К подъезду дома шла с двумя продуктовыми сумками женщина с ярко накрашенными губами. Клавдия не сразу узнала в ней бывшую соседку Татьяну. То, что это она, Клавдия поняла только после того, как не смогла удержать за подол Лизу, бросившуюся к ней с радостным криком своей правоты:
– Я же говорила – микробы! Вот те самые микробы! Те, что на папиной рубашке! Вот они. Я их вижу!
Тут и Татьяна узнала Клавдию. И Лазарь перестал делать «вдохи-выдохи» с ногами на ширине плеч с попеременными оздоровительными взмахами рук и выглянул в окно.
И старая Инна залилась слезами…
В тот момент Лазарь, совсем живой Лазарь, окончательно умер для Клавдии, а для Лизы он живым никогда и не был.
Клавдия освободилась от его тени. Развод Клавдия и Лазарь оформили как полагается. И расцвела она тем особым цветом зрелой и весомой молодости. А на цвет, как известно, сразу налетают.
И вскоре замуж вышла Клавдия – за соседа. И все хорошо у них было. Тихая, счастливая жизнь потекла.
А Лиза никого не обманывала, она правда микробов, даже самых мелких, видела.
Тут и перестройка началась. И мода на всякие диковинки вошла в обиход нашей жизни. Всякими «отворожу-приворожу» пестрели все газеты того времени.
Заинтересовались и Лизой, то есть ее удивительными способностями – микробов видеть. И ее забрали в Москву, в специальную лабораторию, для проведения научных и антинаучных опытов, где выяснилось, что видит она не только мелочь микробную всякую, но и, как рентген, каждого насквозь. Все кишочки-селезенки – как на блюдечке, болезнь любую одним взглядом определяла. Но она стала вся засекреченная, чтобы по глупости талант ее неповадно было разбазаривать.
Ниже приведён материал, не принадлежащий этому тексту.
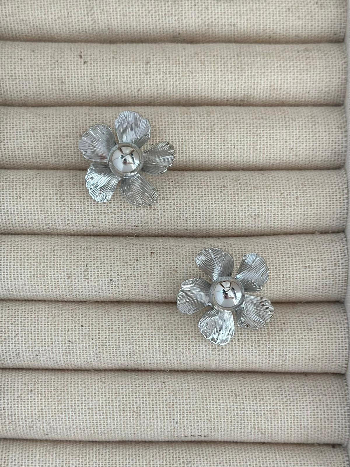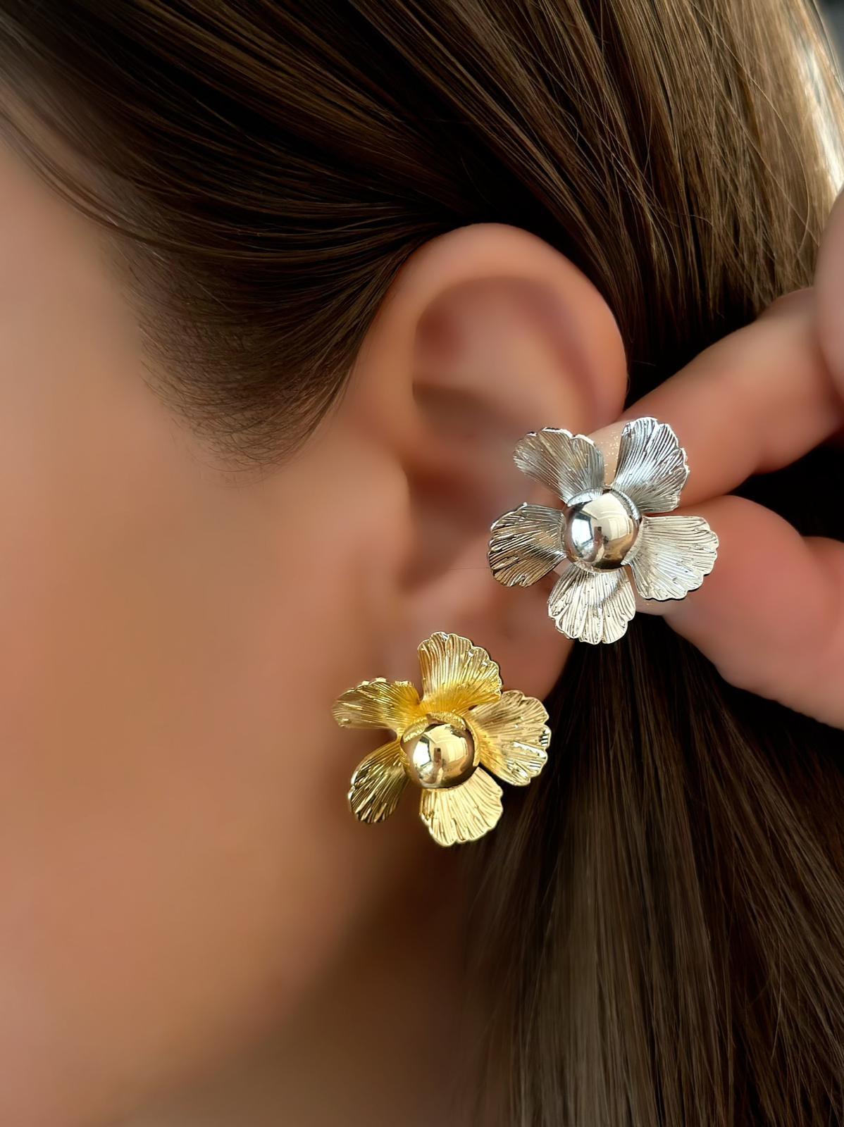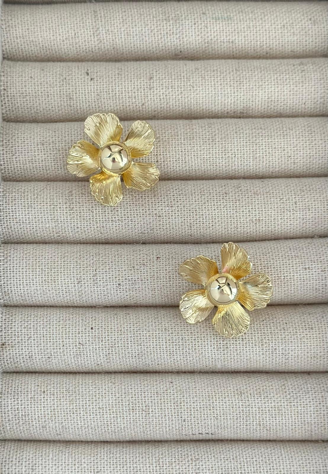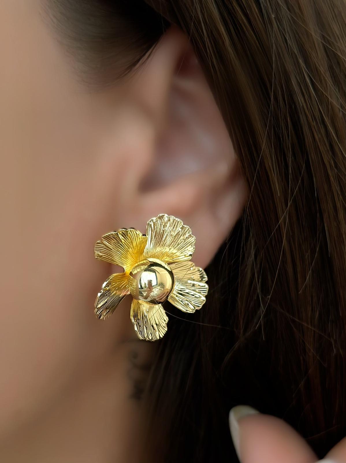 Topçuk Detaylı Çiçek Küpe (Pirinç Kaplama)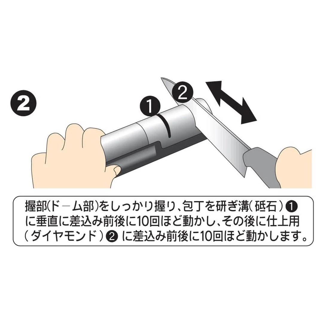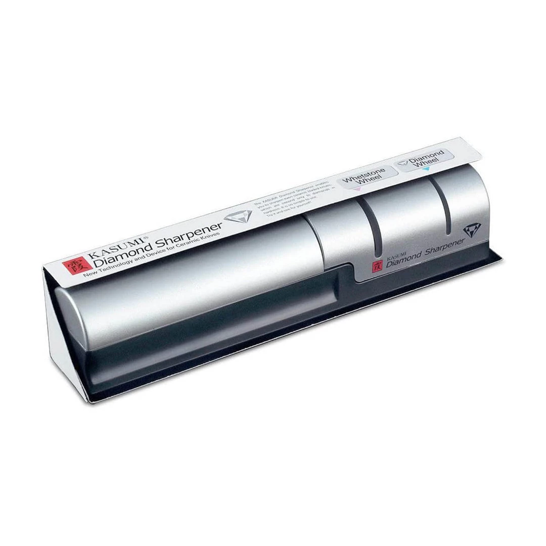 This sharpener by Kasumi enables you to sharpen even ceramic bladed knives, which are second only to diamonds in hardness. It is simple and easy to use. It features two wheels, one is a ceramic whetstone wheel while the other is diamond. Use the diamond stage for your fine ceramic knives, and use the whetstone for your Japanese style metal blade knives. It uses water for lubrication and is easy to clean. Use this sharpener with your Kasumi brand knives, and any other slim Japanese style blades. Not for use with the broader European blades. Made in Seki, Japan.

Клавдия по дочке очень скучала. И при всякой возможности девочку свою навещала с гостинцами. И даже огорчалась, что такая доля доченьке ее выпала – из-за диковинных способностей вдали от дома проживать. Но в то же время понимала, что если бы не эта способность Лизоньки микробов видеть… Да, если бы не увидела тогда Лиза микробов, разве увидала бы Клавдия свое женское счастье? Вот ведь до какой мелочи все увидеть и постичь нужно, что рассмотреть, найти свое женское счастье!
Глаза у Иринки карие, с огоньком. А волосы вьющиеся, смоляно-черные. И у Вовчика, мужа ее, тоже. А у сыночка их, Игорька – серо-голубые, точно с ободочком. И волосы с рождения белокурые и прямые. Конечно, всем она объясняла, что это он в ее бабку по материнской линии, которую никто в здешних родных местах Вовчика никогда не видел. А чтобы к срокам не прикопались, по договоренности с работавшей в роддоме подружкой все списала на преждевременные роды. И потекла ее семейная жизнь как у всех… Но сама она отчетливо помнила те жаркие сентябрьские ночи, из которых и вынесла светловолосого и ясноглазого сыночка.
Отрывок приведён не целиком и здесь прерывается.